Ehl-i beyt kavramı, İslam'ın başlangıcından Mekke'nin fethine kadar geçen sü­rede cahiliye dönemine ait dînî ve siyasî içeriğini korudu. Müslümanlar, Mekke'yi fethedince, dini ve siyâsî otorite, tamamen onların eline geçti. Artık bu tarihten itibaren Ehl-i beyt kavramının içeriği de tamamen değişti. Zira Mekke fethedilip Kâbe putlardan temizlenince, Kureyş, Ehl-i beyt olmaktan; "Allah'ın Evi" Kâbe, beytü'l-âlihe olmaktan ve toplu halde Mekkeliler de ehl-i âlihe olmaktan çıktılar. Böylece Ehl-i beyt kavramı, cahiliye dönemine ait anlamlarını tamamen kaybetti ve Arap dilindeki aslı olan "ev halkı" anlamına yeniden dönmüş oldu. İslam'ın tebliğ sürecinde, ikisi Mekkî biri Medenî olmak üzere, toplam üç sûrede geçen Ehl-i beyt kavramı da lügatteki aslî anlamında, yani "ev halkı" anlamında kullanılmaya başlandı.
Hz. Osman'ın şehit edilmesi ve ona bağlı olarak gelişen siyasî olaylar, Müslü­manlar arasında iç çekişmelere, iç çekişmeler görüş ayrılıklarına ve bölünmelere neden oldu. Başlangıçta siyasî olarak ortaya çıkan olaylar, daha sonra itikadî, ahlakî boyutlar kazanarak dînî mezheplerin doğmasına neden oldu. İşte bu gelişmelerden sonra "Ehl-i beyt" kavramına, Şiî-Sünnî çevrelerde, bir biçimde Kur'an'a ve Hadislere de dayandırılarak, daha önce hiç kullanılmayan, oldukça farklı bir anlam kazandırıldı. O günden bugüne Ehl-i beyt denilince, kimi çevrelerce Hz. Peygamber ve O'nun ev halkı; kimine göre sadece Hz. Ali, Hz. Fatıma, Hz. Hasan, Hz. Hüseyin ve onların soyundan gelenler; kimine göre Hz. Hüseyin'in İranlı hanımından olma Zeyne'l Abidin'in soyundan gelen on iki masum imam ve onlara tâbî olanlar, kimi çevrelerce de Rasûlullah'ın soyuna mensubiyeti sebebiyle seyyidlik ve şeriflik unvanları anlaşılır oldu.

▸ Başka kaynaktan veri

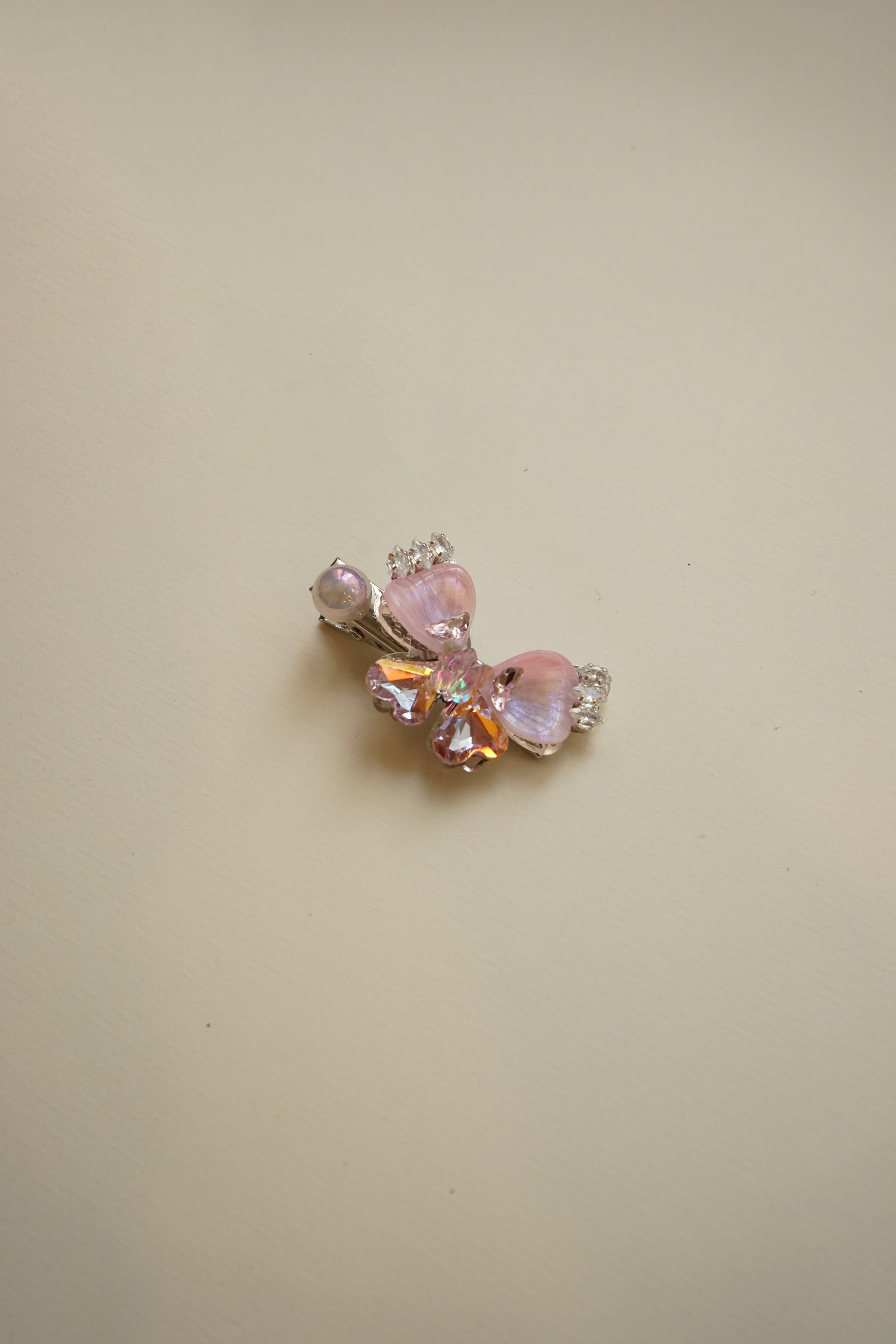 A delicate butterfly-shaped clip adorned with blush-toned crystals and subtle iridescent details that catch the light with every movement. Soft yet radiant, it brings a gentle glow and a touch of refined femininity to your look.

Ehl-i Beyt Kavramının Kur'ân'da Geçtiği Âyetler

"Ehl-i beyt" kavramı Kur'an'da, sadece üç ayette geçmektedir. Bunlardan Hûd sûresinde Hz. Musa'nın hâne halkı, özellikle annesi; Ahzâb sûresinde ise,ayetin indiği dönemde Rasûlullah'ın hayatta olan hanımları kastedilmiştir. Bir de bunlara ilave olarak Şûra sûresinin 23. ayetinin de, bilhassa Ahzâb sûresinin 33. ayetindeki Ehl-i beyt ile ilgili olduğu sanılmaktadır. İbrahim'in (as) ev halkı, özellikle hanımı; Kasas sûresinde
Ahzab Sûresi 33. Âyet:

"Rasûlü'nü ve ahiret yurdunu dilerseniz, şüphe yok ki Allah, sizden iyiler için büyük bir mükafat hazırlamıştır!" 'Ey Peygamber Hanımları! Sizden kim, apaçık bir aşırılık yaparsa, onun cezası ikiye katlanır. Bu, Allah için kolay bir iştir. Kim de Allah'a ve Rasûlü'ne, içtenlikle itaat eder ve salih iş yaparsa, ona da ecrini iki kere veririz; ayrıca ona, güzel de bir rızık hazırladık.' ‘Ey Peygamber hanımları! Eğer Allah'a ve Rasûlü'ne karşı gelmekten sakınırsanız, siz diğer kadınlardan herhangi biri gibi değilsiniz...' (...) 'Evlerinizde oturun, eskiden cahiliye dönemindeki gibi dikkat çekecek biçimde süslenip yıldızlaşmayın, namazı ikame edin, zekatı verin, Allah'a ve Elçisine itaat edin! Ey Ehl-i beyt! Allah, ancak pisliği sizden uzak tutmak ve sizi tertemiz yapmak istiyor!"
Âyetin Nüzul Sebebi:

Ahzab Sûresi Medenî sûrelerdendir. Ahzab sûresinin 28-34. ayetlerin nüzul sebebi hakkında, birbirinden farklı iki görüş ve hepsi de ana fikir olarak bu iki görüş üzerinde toplanan pek çok rivayet bulunmaktadır.
Buharî'nin Hz. Âişe'den naklettiği rivayette Hz. Aişe demiştir ki: "Allah'ın Elçisine, eşlerinin, kendisi ile dünya nimetleri ara­sında bir tercih yapmaları emredildiği zaman, Rasûlullah önce bana geldi ve ‘Aişe, sana bir emri tebliğ edeceğim, fakat cevap vermekte acele etme; hatta ebevey­ninle istişare et, cevabını bana sonra bildir' dedi. Sonra da, "Ey Peygamber, hanımları­na de ki: 'Eğer siz, dünya hayatını ve onun ziynetini istiyorsanız gelin, size müt'alarınızı verip güzellikle boşayayım; yok eğer..." ayetlerini bana okudu. Dedim ki, ‘ben bunlardan hangisini ebeveynimle istişare edecekmişim? Ben elbette Allah'ı ve Rasûlü'nü tercih ediyorum.'Benim bu cevabım üzerine Rasûlullah, sırasıyla diğer hanımlarına gitti. Hepsi de Allah'ı, Elçisini ve ahiret yurdunu tercih ettiler."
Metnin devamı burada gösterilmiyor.